Data integration is one of the most important concepts that enterprises should be dealing within 2013. Data integration provides the ability to extract information from source systems, and move the information to target systems that need to act upon the information in some way. As the number of systems have increased and become more complex, the need to dive deeper into data integration becomes more apparent and urgent.
Data integration allows us to approach the real-time enterprise, where all processes and systems have the ability to see into all other processes and systems, and react to optimize the business in (near) real-time. This concept has been mulled over for years, but has yet to become a reality for most enterprises.
So, as we progress toward this ideal, what are the issues that we should consider? How can we become good at data integration to the benefit of the business? For 2013, what are the data integration resolutions we should be setting? I have a few resolutions you should consider.
I resolve to create a holistic data integration strategy for my enterprise.
Most enterprises don’t have a core data integration strategy that spans all IT assets. They may have one for a group of systems, however, data integration has more value if the strategy and use of technology is systemic.
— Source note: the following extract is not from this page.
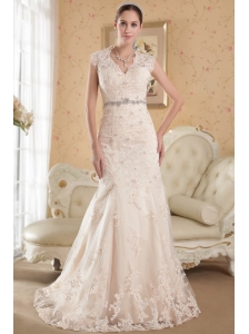 Champagne Mermaid V-neck Court Train Lace Beading Wedding Dress

This means we understand most systems, including semantics, and we’ve mapped the exchange of information between them. Finally, have a roadmap to implement data integration solutions over the years, and define the value that this technology will bring to the business. It’s a tall order, but doable for most.
I resolve to create a data integration center of excellence.
If your enterprise is large enough, you should have a group of people who are dedicated to exploring the use of data integration technology within your enterprise. They are charged with creating the strategy (see previous resolution), as well as dealing with the technology providers, and testing the solutions.
In the long run, having a group like this will save you money. Consider the number of issues they will spot and resolve before they cost real money, as well as the strategic value of moving quicker to an enterprise where information exchange latency becomes less of an issue.
I resolve to understand and implement data virtualization.
Those who have complex and less productive physical databases around the enterprise will find that data virtualization technology provides a cost effective alternative to replacing those databases, or changing the structure of those databases. Indeed, data virtualization allows you to deal with physical databases using a structure of your choosing, typically, a better representation of the business.
As time goes on, data virtualization will become more important to the data integration strategy, and a sound tool in the IT technology arsenal. In 2013, you should get ahead of this technology and understand the proper use.
I suspect that 2013 will be the year of change. We will see more movement to the clouds, more movement to big data, and the need to driving information exchange between then. Data integration technology will have to be a large part of that mix.